Concrete has given way to brick, and also stone. High above you and the slippery bricks beneath your feet, rises arched stonework. Scale seems impossible to judge; how high is that ceiling? Fifty feet? A hundred? You step towards one wall, and the scale of each block of stone becomes apparent. Slightly over one foot by two, and who knows how deep, each of these cut and dressed stones probably weighs more than you do. You guess they stretch some twenty feet above you, in a curved display of masonry more suited to a castle entrance than a storm sewer. You walk on, careful of your footing on the slippery bricks; the stonework continues far longer than the thickness of any castle wall. A hundred paces, two hundred; you stop counting as the scale of your location hits you.

For many, it's experiences like this that make urban exploration worthwhile. When we speak of knowing about, and going, places few others know exist, it's not attics and crawlspaces we're talking about, it's places like this drain.
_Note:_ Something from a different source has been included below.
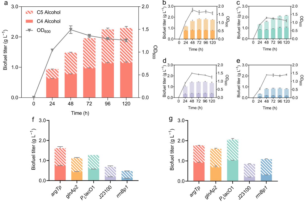 本文第一作者马晓焉副研究员和博士研究生马炼杰聚焦利用转录调控手段提升细胞工厂鲁棒性的研究,取得了一系列的研究进展。在全局调控层面,建立了σ54型RNA聚合酶驱动的合成途径持续表达系统,解决了σ70型全酶在生长稳定期和胁迫条件下的供应不足问题,实现了合成途径的自响应、自激活和自强化,对低pH、高渗透压等胁迫条件表现出较好的抵御能力,成功实现了跨越整个生长期和胁迫条件下的高效生物合成。以σ54依赖型启动子驱动高级醇的生物合成,高级醇产能在进入菌体生长稳定期后持续加强,产量达到常用σ70依赖型启动子的3倍( Biotechnol Biofuels . 2020, 13:29)。

Seeing, experiencing such an incredible architectural feat, buried thirty feet below the city, that tens of thousands pass over every day without realizing it's existance, is exhilirating. In a lot of ways, the hidden, unknown nature of these places makes the experience all the more powerful. The beauty, the majesty, the sheer unbelievable improbability of it all combine to produce something akin to a spiritual experience. The first time you have such an experiencing, it's magical, an awakening that forces you to confront a lot of your assumptions about the world. Urban explorers don't change the places they go; rather, it's the locations we explore that change us.